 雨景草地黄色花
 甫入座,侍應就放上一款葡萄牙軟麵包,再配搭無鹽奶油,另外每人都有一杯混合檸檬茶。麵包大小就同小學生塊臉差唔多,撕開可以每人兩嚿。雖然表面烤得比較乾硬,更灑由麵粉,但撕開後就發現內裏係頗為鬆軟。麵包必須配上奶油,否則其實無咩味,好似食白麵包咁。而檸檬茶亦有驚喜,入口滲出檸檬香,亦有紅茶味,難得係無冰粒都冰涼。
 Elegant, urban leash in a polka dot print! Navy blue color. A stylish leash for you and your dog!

--

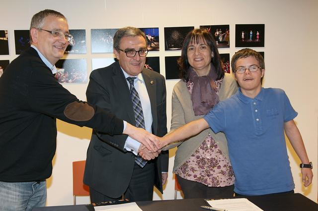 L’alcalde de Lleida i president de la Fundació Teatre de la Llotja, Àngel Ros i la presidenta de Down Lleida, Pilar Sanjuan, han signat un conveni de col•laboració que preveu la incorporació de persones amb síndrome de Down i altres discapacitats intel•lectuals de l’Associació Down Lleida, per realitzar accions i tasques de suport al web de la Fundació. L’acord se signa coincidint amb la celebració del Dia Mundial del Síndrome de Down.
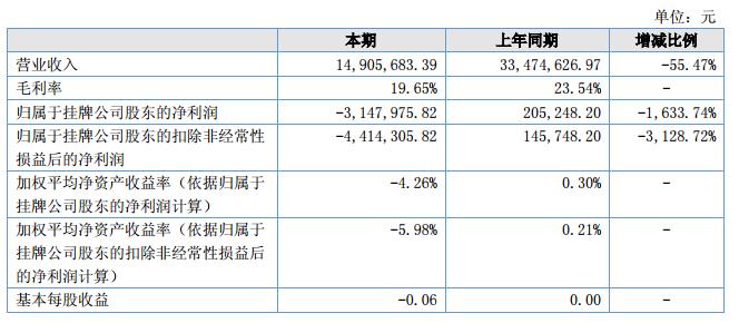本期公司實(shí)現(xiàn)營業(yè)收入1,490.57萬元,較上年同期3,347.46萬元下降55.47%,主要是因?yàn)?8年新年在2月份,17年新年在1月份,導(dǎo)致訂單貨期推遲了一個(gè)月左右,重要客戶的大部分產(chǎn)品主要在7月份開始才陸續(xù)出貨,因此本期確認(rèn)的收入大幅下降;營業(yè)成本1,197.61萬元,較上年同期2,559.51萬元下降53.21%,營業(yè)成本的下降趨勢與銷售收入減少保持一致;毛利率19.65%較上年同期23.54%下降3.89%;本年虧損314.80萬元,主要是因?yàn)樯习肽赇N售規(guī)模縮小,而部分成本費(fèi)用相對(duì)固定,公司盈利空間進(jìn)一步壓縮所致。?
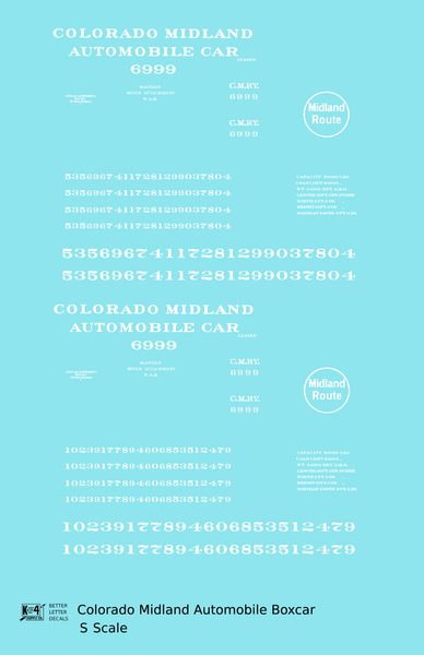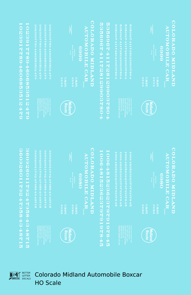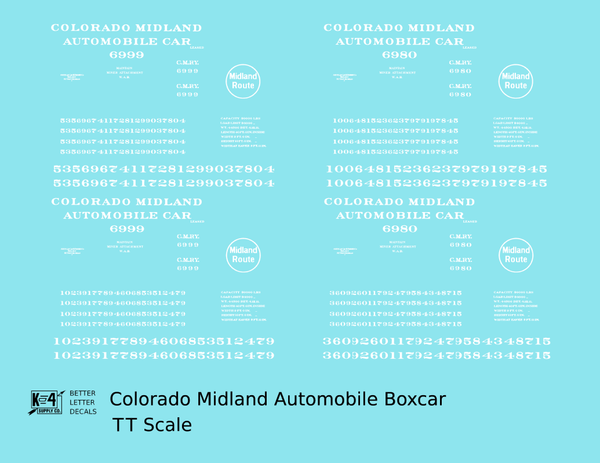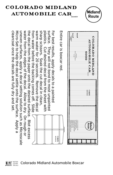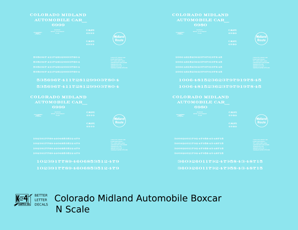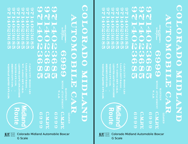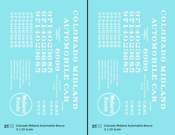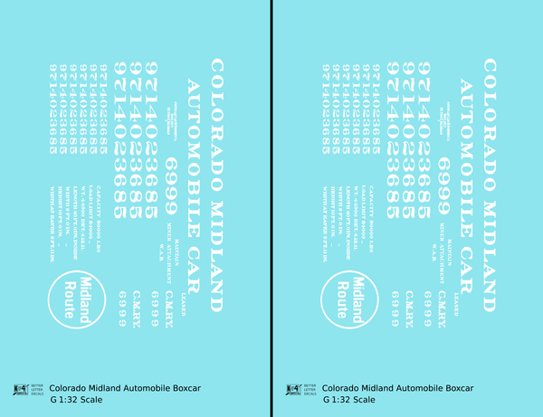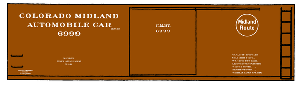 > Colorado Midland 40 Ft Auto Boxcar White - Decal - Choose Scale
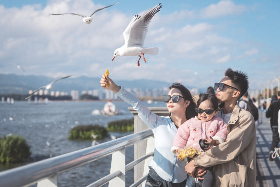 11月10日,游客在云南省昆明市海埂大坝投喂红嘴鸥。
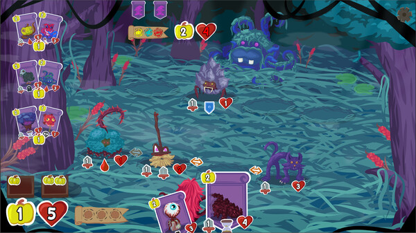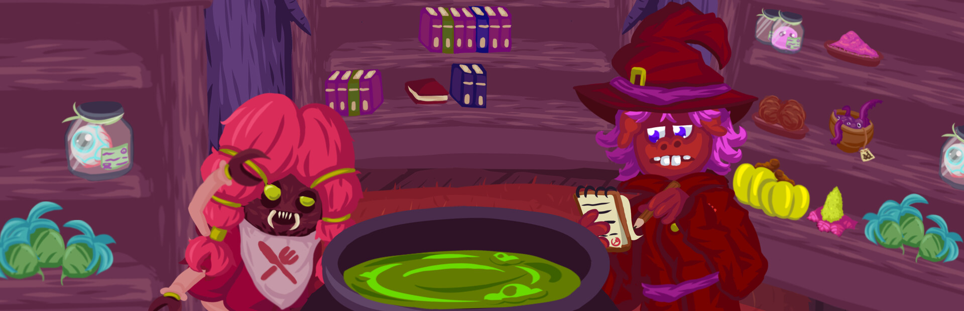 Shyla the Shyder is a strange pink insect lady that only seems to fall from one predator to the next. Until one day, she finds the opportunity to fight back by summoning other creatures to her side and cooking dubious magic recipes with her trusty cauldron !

> _What needs to be done_
Only one stretch of the entries above is wanted: the lines from the one containing "甫入座,侍應就放上一款葡萄牙" through the one containing "Elegant, urban leash". Please reproduce it exactly.

> _Solution below_
 甫入座,侍應就放上一款葡萄牙軟麵包,再配搭無鹽奶油,另外每人都有一杯混合檸檬茶。麵包大小就同小學生塊臉差唔多,撕開可以每人兩嚿。雖然表面烤得比較乾硬,更灑由麵粉,但撕開後就發現內裏係頗為鬆軟。麵包必須配上奶油,否則其實無咩味,好似食白麵包咁。而檸檬茶亦有驚喜,入口滲出檸檬香,亦有紅茶味,難得係無冰粒都冰涼。
 Elegant, urban leash in a polka dot print! Navy blue color. A stylish leash for you and your dog!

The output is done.